The CDATA section node can appear as the child of the DocumentFragment,
Entity-Reference, and Element nodes. |
| 5 |
NODE_ENTITY_REFERENCE |
The node represents a reference to an entity in the XML
document. This node type applies to all entities, including character
entity references. An entity reference node can have the following child
node types: Element, ProcessingInstruction, Comment, Text, CDATASection,
and EntityReference. The entity reference node can appear as the child of
the Attribute, DocumentFragment, Element, and EntityReference nodes. |
| 6 |
NODE_ENTITY |
The node represents an expanded entity. An entity node can
have child nodes that represent the expanded entity (for example, Text and
Entity-Reference nodes). The entity node can appear as the child of the
DocumentType node. |
| 7 |
NODE_PROCESSING_INSTRUCTION |
The node represents a processing instruction (PI) from the
XML document. A PI node cannot have any child nodes. The PI node can
appear as the child of the Document, DocumentFragment, Element, and
EntityReference nodes. |
| 8 |
NODE_COMMENT |
The node represents a comment in the XML document. A comment
node cannot have any child nodes. The comment node can appear as the child
of the Document, DocumentFragment, Element, and EntityReference
nodes. |
| 9 |
NODE_DOCUMENT |
The node represents a document object, which, as the root of
the document tree, provides access to the entire XML document. It is
created by using the ProgID "MSXML2.DOMDocument", or through a data island
using <SCRIPT LANGUAGE=XML> or <XML>. The document node can
have the following child node types: Element (maximum of one), Processing
Instruction, Comment, and Document-Type. The document node cannot appear
as the child of any node types. |
| 10 |
NODE_DOCUMENT_TYPE |
The node represents the document type declaration, indicated
by the <!DOCTYPE> tag. The document type node can have the following
child node types: Notation and Entity. The document type node can appear
as the child of the Document node. |
| 11 |
NODE_DOCUMENT_FRAGMENT |
The node represents a document fragment. The document
fragment node associates a node or subtree with a document without
actually being contained within the document. The document fragment node
can have the following child node types: Element, ProcessingInstruction,
Comment, Text, CDATASection, and EntityReference. The DocumentFragment
node cannot appear as the child of any node types. |
| 12 |
NODE_NOTATION |
A node represents a notation in the document type
declaration. The notation node cannot have any child nodes. The notation
node can appear as the child of the DocumentType node. |
The properties and methods available for each node depend on the type of node
it is. For example, you can load a document node with a serialized (raw text)

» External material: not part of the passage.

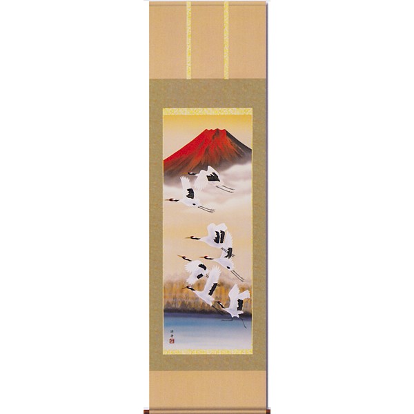 【印刷】掛軸 瀬田功舟筆「赤富士飛翔」
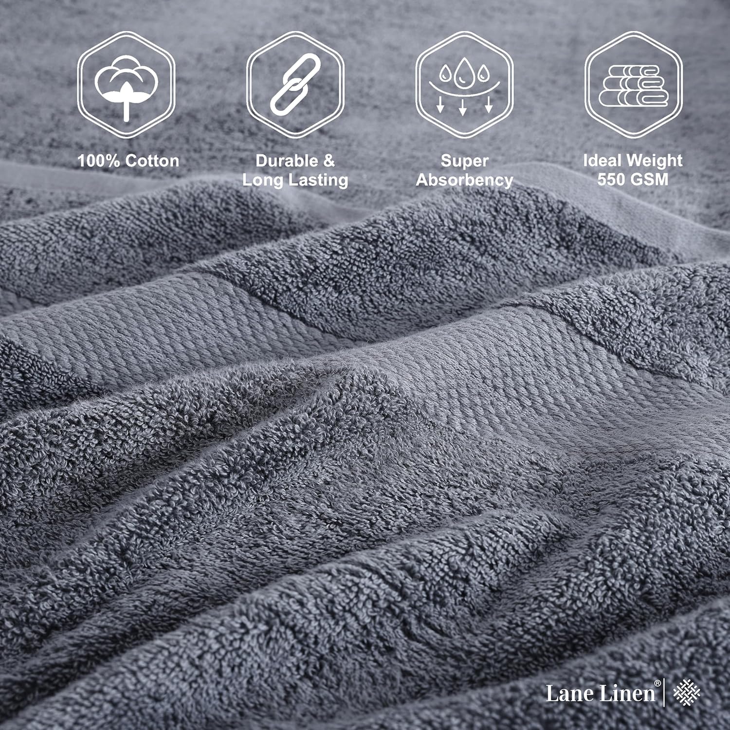 - Premium Quality: The LANE LINEN 100% cotton 4-piece bath towel set features ultra-soft, plush bath towels made from high-quality cotton, providing superior absorbency and comfort for your skin. Perfect for any bathroom.

XML document, but you can't load an element or attribute node directly. To
access an element node, you must first successfully read the document into a
document node.
In Figure 5-1, Joke has four nodes. The first two are the element nodes Setup
and Punchline. The second two nodes are the attribute nodes author and
firstTold. In the <Joke> start tag, a namespace points to a schema
on an external site. This schema is specified using XML Data Reduced (XDR)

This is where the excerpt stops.